The order of the district court is affirmed.
. This court held in Tillotson v. Boughner, 327 F.2d 982 (7th Cir. 1964), that the order was final and appealable following the decision in Reisman v. Caplin, 375 U.S. 440, 84 S.Ct. 508, 11 L.Ed.2d 459 (1964).
. § 7601(a) reads:
“General rule. — The Secretary or his delegate shall, to the extent he deems it practicable, cause officers or employees of the Treasury Department to proceed, from time to time, through each internal revenue district and inquire after and concerning all persons therein who may be liable to pay any internal revenue tax, and all persons owning or having the care and management of any objects with respect to which any tax is imposed.”
. The pertinent language of section 7602 reads:
“For the purpose of * * * determining the liability of any person for any internal revenue tax * * * the Secretary or his delegate is authorized — ■ * * * To summon the person liable for the tax * * * or any other person the Secretary or his delegate may deem proper, to appear before the Secretary or his delegate at a time and place named in the summons and * * * to give such testimony, under oath, as may be relevant or material to such inquiry."
. Statement of Organization and Functions, Treasury Department Publication No. 383 (CCH 1964 Stand.Fed.Tax Rep. H 5988).

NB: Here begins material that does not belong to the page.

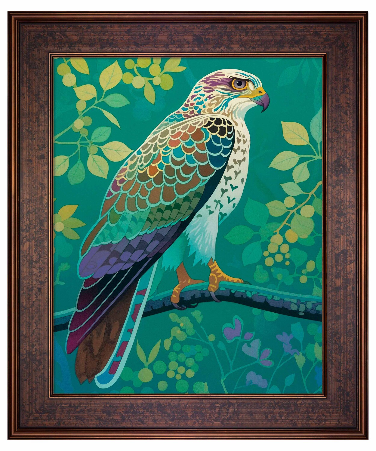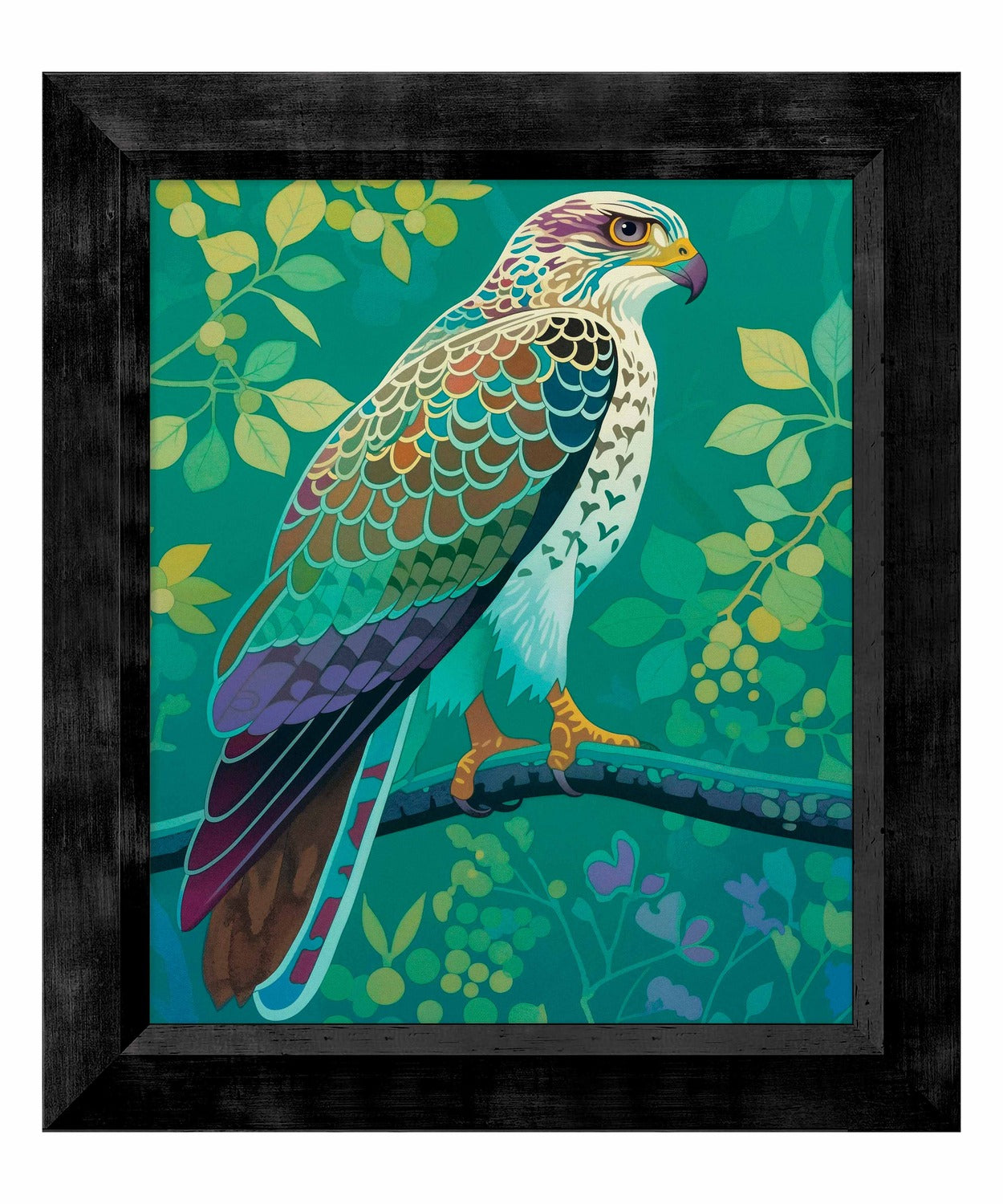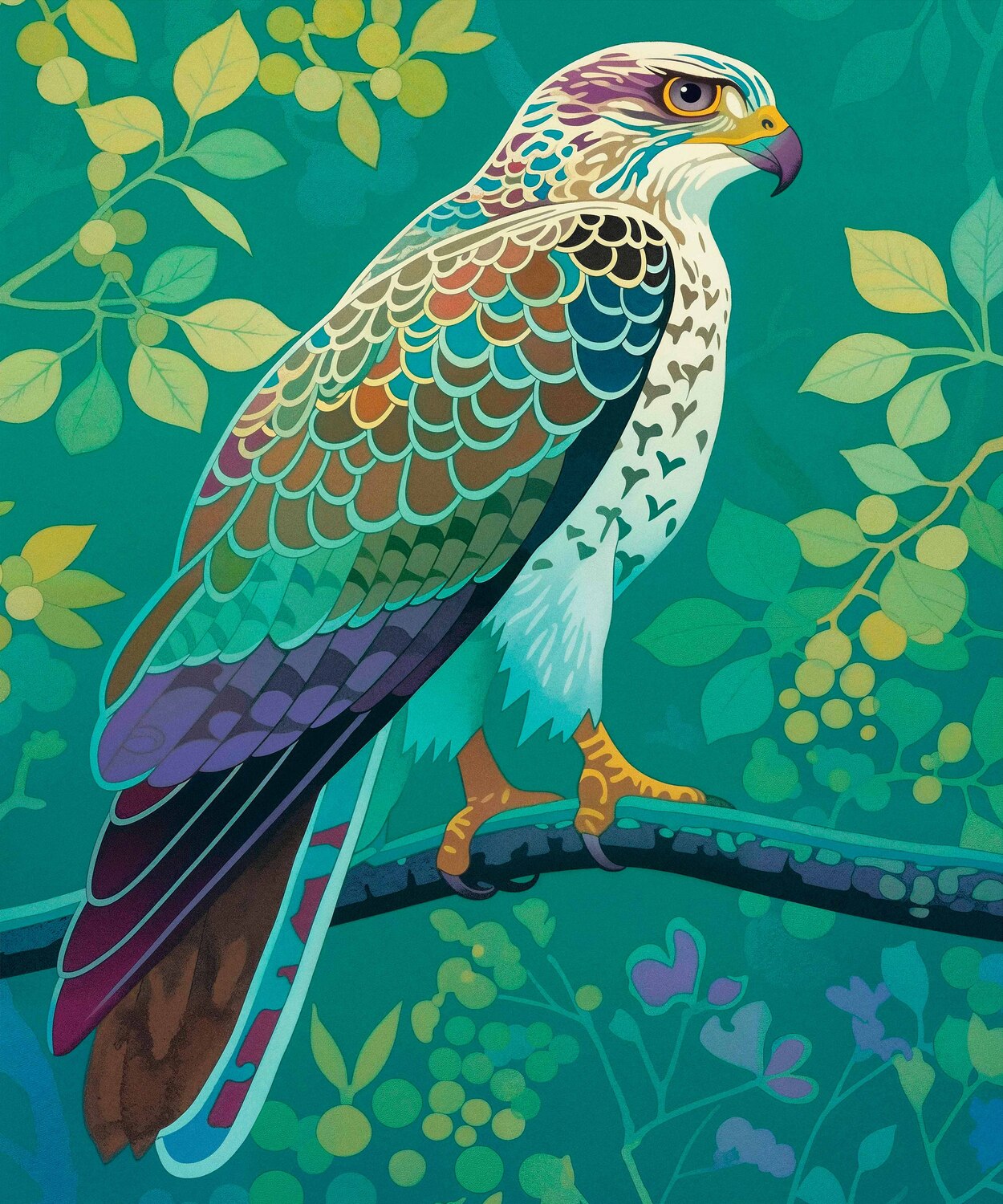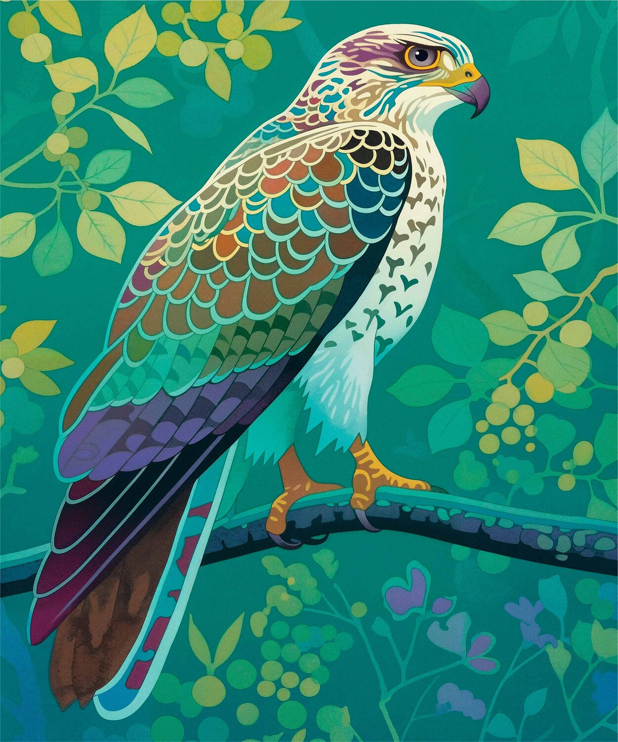 The artist's use of a rich, saturated color palette creates a sense of depth within the foliage. The contrasting hues and intricate patterns draw the viewer's eye, making the hawk the undeniable focal point of the composition. The lush background, with its varied shades of green and hints of yellow and purple, adds to the overall sense of vibrancy and natural beauty.

“1118.6 Intelligence Division.
“(a) In general. Dor the purpose of ascertaining the correctness of any return, making a return where none has been made, determining the liability of any person for any internal revenue tax (including any interest, additional amount, addition to the tax, or civil penalty) or the liability at law or in equity of any transferee or fiduciary of any person in respect of any internal revenue tax, or collecting any such liability, any authorized officer or employee of the Internal Revenue Service may examine any books, papers, records or other data which may be relevant or material to such inquiry; and take such testimony of the person concerned, under oath, as may be relevant to such inquiry.”
Concurrence Opinion
(concurring).
I note that we do not have before us any issue concerning a claim of constitutional or other privilege.
We are proceeding on the basis that no criminal prosecution existed at the time the summons was issued. The applicable Treasury regulations do authorize Special Agents of the Intelligence Division of the Internal Revenue Service to ascertain civil penalties as well as to investigate possible criminal violations.
Nevertheless, departure here from the usual procedure of tandem investigation by a Special Agent and an Internal Revenue Agent who is a member of the Field Audit Branch reasonably gives rise to a state of dubiety concerning the actual purpose for issuing the summons.
However, in the peculiar circumstances of this specific case, I concur with my brothers’ opinion that the order of the District Court be affirmed.